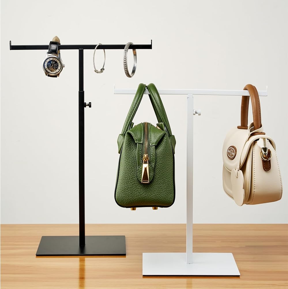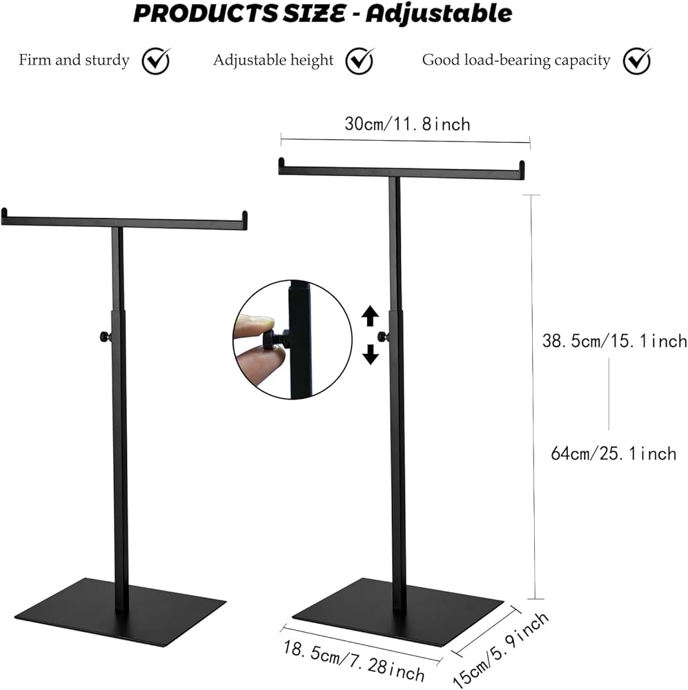 Height Adjustment Jewelry Towers - Ranging from 13.9 inches to 25 inches, fit different display needs. T bar is 11.8" long and the base is 7.28"×5.9". Whether it's showcasing handbags, jewelry, or scarves, you can easily adjust the height accordingly.
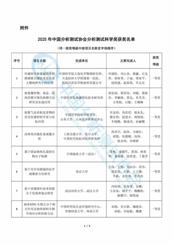 11月25日,中国分析测试协会公布了中国分析测试协会分析测试科学奖2025年度获奖名单,共评出获奖项目43项。飞禽走兽
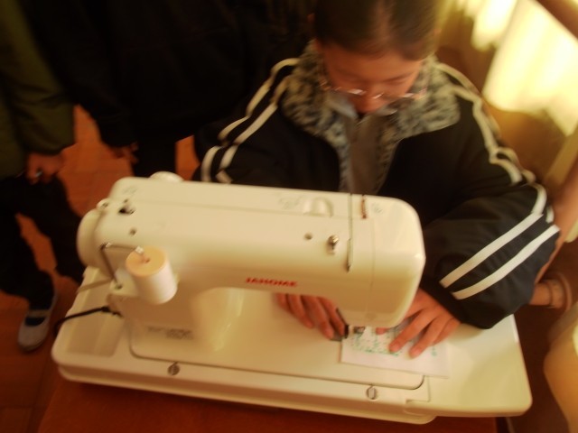 手順を確かめながら直線ぬいに挑戦しました。
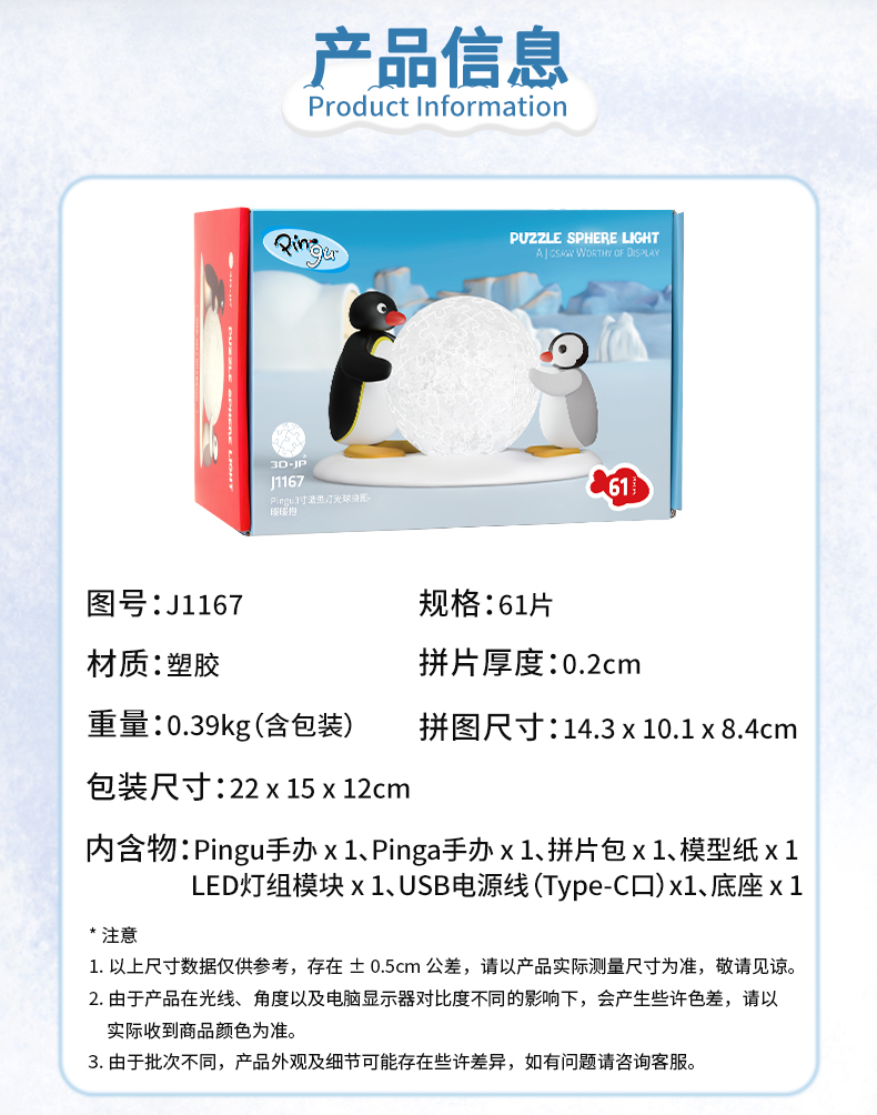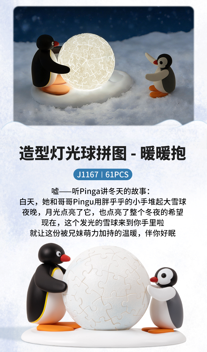 61片 J1167 Pingu3寸造型灯光球拼图 暖暖抱

■ **WHAT IS EXPECTED**: Without any pictures, write out the lines running from the one containing "手順を確かめながら直線ぬいに挑戦しました。" through the end of the listing above, both included, exactly as given.

■ **RESPONSE BELOW**:
 手順を確かめながら直線ぬいに挑戦しました。
 61片 J1167 Pingu3寸造型灯光球拼图 暖暖抱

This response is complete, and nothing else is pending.